Mostly this is just a vent but I'm sure lots of other people experience this frequently if not everyday.  I'm so tired of being scapegoated and blamed for things that go wrong in my A's life.  He's been late for work twice this week and says, its my responsibility to wake him up.  Well, I get up at 6:30am, feed the kids, get them dressed, myself dressed, make lunches, etc.  He only has to wake up, get himself ready and get himself and the kids out the door for school.  How hard is that.  My life is still as busy and chaotic as it was when i was driving them, at this point it doesn't seem to make much difference whether I drive them to school or not.  So he's late because I didn't wake him up.  Granted we do not have an alarm clock that has two alarm settings.  I get busy, I forget, so I'm the bad guy because he's late.  Honestly I don't want the responsibility of waking his butt up.  I don't want the responsibility of taking over things that should be his.  The icing on the cake for me is, He hasn't slept in our bed for a week, he's preoccupied with everyone and everything else except his family.  I have tried twice to have an adult conversation with him about our budget, could be anything, he's not interested, and yet I'm not taking the things in his life seriously.  Honestly they are not serious to me or to this family, the things he chooses to put his time and energy into is frivilous and a hobby at best, not anything to give up that much time with family.  He doesn't see that.  According to him he's spending plenty of time with me and the kids. 
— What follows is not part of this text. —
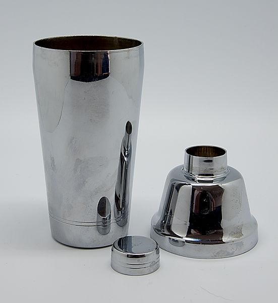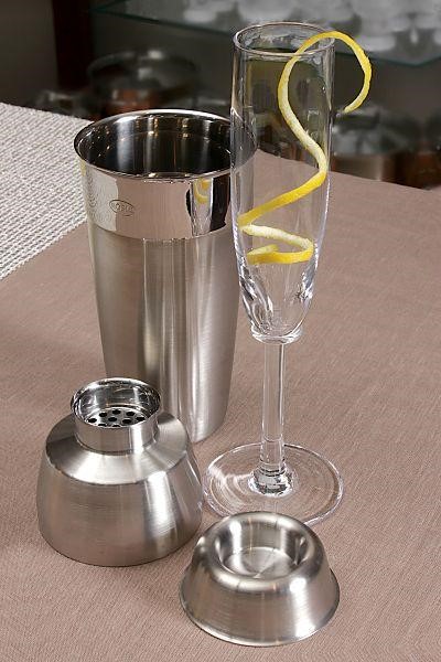 ● Coqueteleira Francesa – feita de metal, ela é dividida em duas partes: copo e tampa. Necessita de uma peneira extra para a preparação dos drinques.

I'm feeling very unimportant and unfullfilled in my relationship right now.  I've requested time with him he doesn't want to make it.  Makes me very sad and I feel lonely as well.  Angry because all I feel like is the person who organizes his life and catches all the balls gets thrown his way so his life can feel smooth and perfect.  Meanwhile I'm miserable and feeling unloved, unappreciated and lonely.  Sorry to lay this on everybody.  I guess this is the aftermath of a relapse that occurred last Friday, he has not been the same since.  Weird behavior, etc.  Still not sure if he's using outside of the home or what.  I have alternatives to have me time, but not feeling really good about it.  We were supposed to go out together tomorrow but right now I'm asking myself what for?  He doesn't talk to me that much when we're out and everything I seem to want to talk about he does not show interest in.  Its like talking to myself.  Hell I'd have more fun if I was by myself at least I get to do what I like. 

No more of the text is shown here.